Dataset:
═══

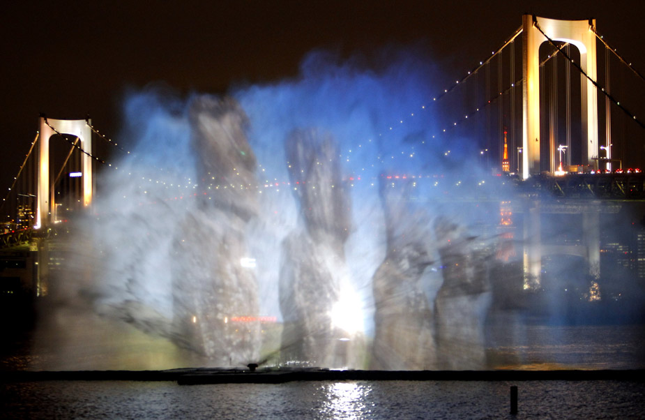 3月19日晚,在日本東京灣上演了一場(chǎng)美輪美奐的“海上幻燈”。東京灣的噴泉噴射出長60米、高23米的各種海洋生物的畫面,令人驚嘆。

═══

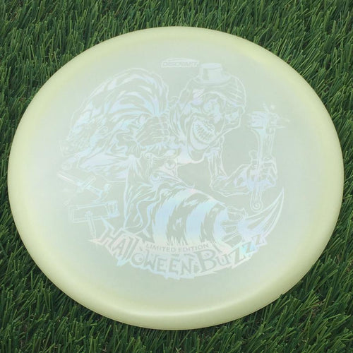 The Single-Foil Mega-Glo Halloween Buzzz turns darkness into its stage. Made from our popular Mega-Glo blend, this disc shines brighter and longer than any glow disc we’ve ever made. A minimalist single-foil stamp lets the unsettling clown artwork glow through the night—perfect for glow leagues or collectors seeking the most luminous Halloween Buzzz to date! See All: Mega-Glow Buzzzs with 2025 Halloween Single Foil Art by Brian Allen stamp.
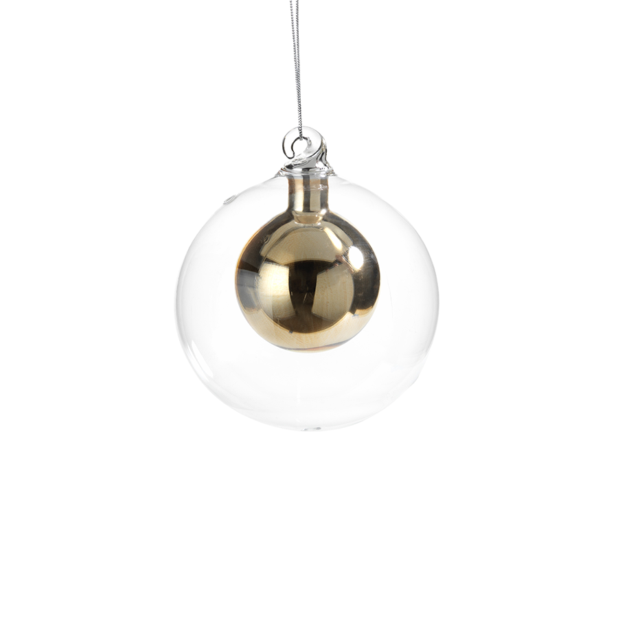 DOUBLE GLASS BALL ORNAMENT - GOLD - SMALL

═══

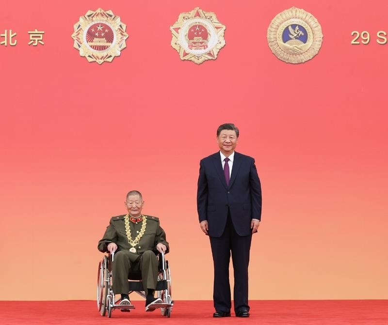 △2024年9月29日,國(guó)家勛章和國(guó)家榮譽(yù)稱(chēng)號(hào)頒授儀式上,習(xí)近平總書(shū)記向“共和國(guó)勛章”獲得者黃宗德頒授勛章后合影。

═══

What to do: Your reply is to be an exact repeat of the listing above from the line holding "The Single-Foil Mega-Glo" down to the line holding "DOUBLE GLASS BALL ORNAMENT - GOLD - SMALL", ends included, pictures excluded.

Result for this exercise:
 The Single-Foil Mega-Glo Halloween Buzzz turns darkness into its stage. Made from our popular Mega-Glo blend, this disc shines brighter and longer than any glow disc we’ve ever made. A minimalist single-foil stamp lets the unsettling clown artwork glow through the night—perfect for glow leagues or collectors seeking the most luminous Halloween Buzzz to date! See All: Mega-Glow Buzzzs with 2025 Halloween Single Foil Art by Brian Allen stamp.
 DOUBLE GLASS BALL ORNAMENT - GOLD - SMALL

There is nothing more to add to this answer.